Les anciens du quartier, eux, s’inquiètent. “On a l’impression que le problème, ce sont les Arabes”, tonne Mounir Letaief, épicier emblématique de la place Salengro. On n’est pas contre la rénovation, si on y participe. Mais ce n’est pas ce qui se prépare. C’est une opération de nettoyage!” La Mairie, la Serm réfutent toute idée de “racisme” ou de “stigmatisation d’une culture”. Ce qui n’empêche pas Khalid Akroui, patron de McKhalid, le plus ancien kebab du quartier, d’avoir l’impression de “se faire avoir”. Pour le traducteur Bachir Dahak, un quartier arabe n’est pourtant pas un problème en soi. “Ici, la population maghrébine est bien intégrée. Elle respecte les règles. C’est un quartier vivant, tranquille et mixte. Regardez la terrasse de La Pleine Lune. C’est comme les Beaux-Arts, mais en plein quartier arabe.” Pour Amal Chantir, 45 ans, auteur d’une thèse récente sur la dynamique commerciale de Plan Cabanes, “si l’on fait disparaître ce quartier arabe, cela va avoir un impact sur tout le centreville”. Car beaucoup de clients, attirés par les prix bas du quartier, circulent ensuite dans tout l’écusson pour faire leurs courses. David D’Eramo, l’agent immobilier, tient même à prévenir: “si le côté ethnique, avec cette ambiance, ces commerces, disparaît, les acheteurs revendront, et iront ailleurs”. Paradoxe: si les Arabes et leurs commerces se dispersent au nom de la “mixité sociale”, les “bobos” pourraient fuir ce quartier qui perd son âme. En quête d’oasis, vont-ils se retrouver en plein désert arabe? Gwenaël Cadoret
Auteur d’une thèse sur la dynamique commerciale du quartier, Amal Chantir estime qu’il faut le moderniser mais le préserver. La Gazette. Qui vient faire ses courses dans le quartier Figuerolles et pourquoi ? Amal Chantir. Quelle que soit l’origine, les gens viennent ici pour l’alimentaire, à 85 % : les fruits et légumes du marché, la viande, les épices… La clientèle est variée. Le matin, ce sont les personnes âgées. Dans la journée, la clientèle vient de toute l’agglomération, en voiture. Le soir, il y a beaucoup de jeunes et d’étudiants. Les gens viennent chercher cette identité, cette ambiance. Et une notion de proximité très importante. C’est ce qui est le plus plébiscité par la clientèle. C’est un lieu de passage extraordinaire. Le quartier a un vrai avantage concurrentiel. Il est le seul à proposer autant de produits de bouche et ethnique à des prix modiques. Comme le turnover de marchandises est très important, les produits sont très frais. On s’adapte à la demande en temps réel. C’est un véritable laboratoire marketing à ciel ouvert! En quoi les commerçants sont-ils dynamiques ?

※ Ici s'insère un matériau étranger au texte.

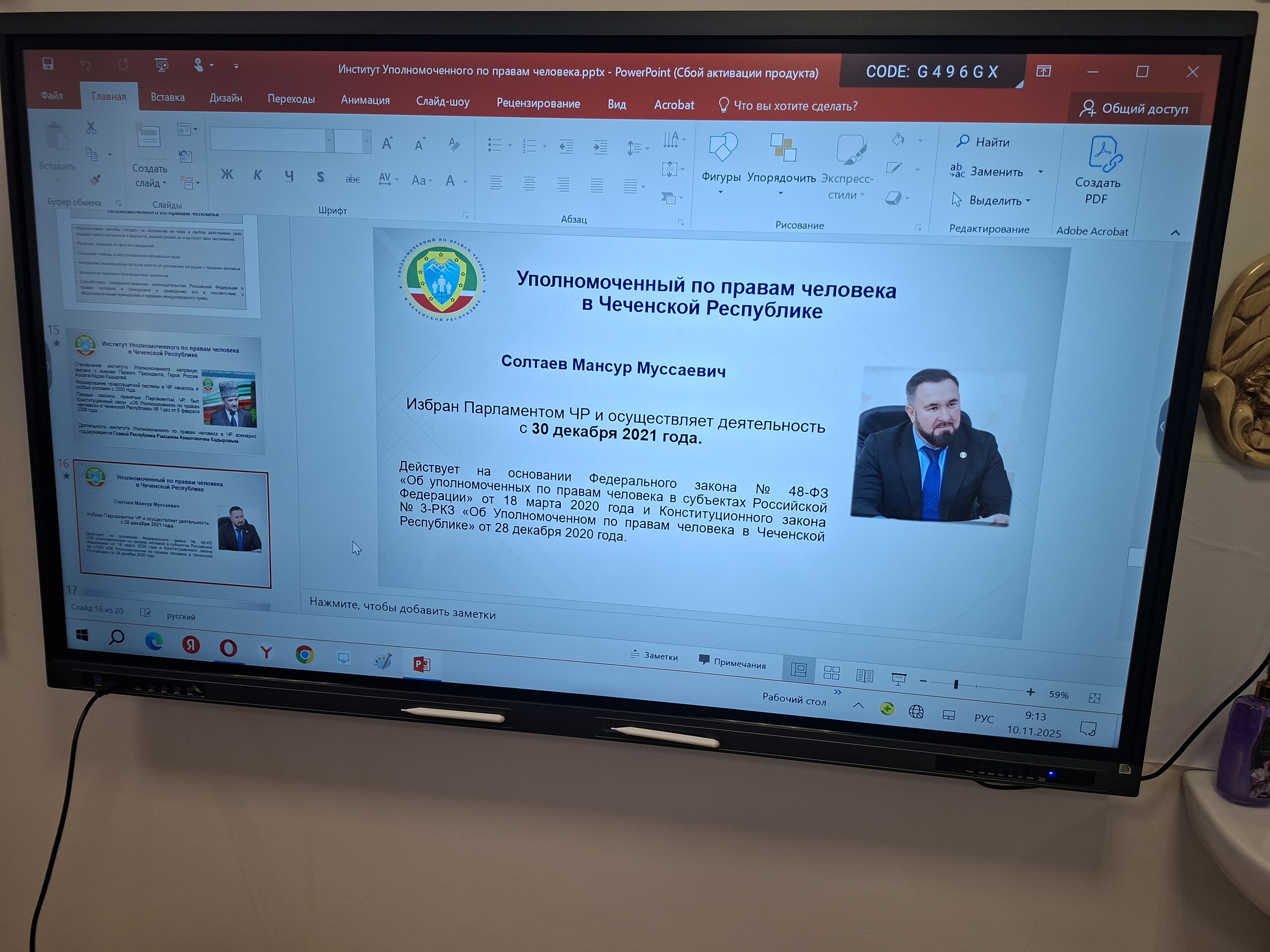 15.11.2025ПРАВОВОЙ УРОК С УПОЛНОМОЧЕННЫМ ПО ПРАВАМ ЧЕЛОВЕКА: ЗНАТЬ СВОИ ПРАВА — ЭТО ВАЖНО! ⚖️👩⚖️

Malgré la crise, les gens continuent à venir massivement à Plan Cabanes. Même s’il y a
plusieurs boucheries, coiffeurs ou kebabs dans les rues, les commerçants sont peu touchés par la concurrence. Cela veut dire qu’il y en a pour tout le monde. Les commerçants ont un vrai esprit entrepreneurial. Ils développent des idées, parlent de chiffre d’affaires, de performance. Vous préconisez une rénovation du quartier mais en gardant les mêmes commerces, c’est faisable?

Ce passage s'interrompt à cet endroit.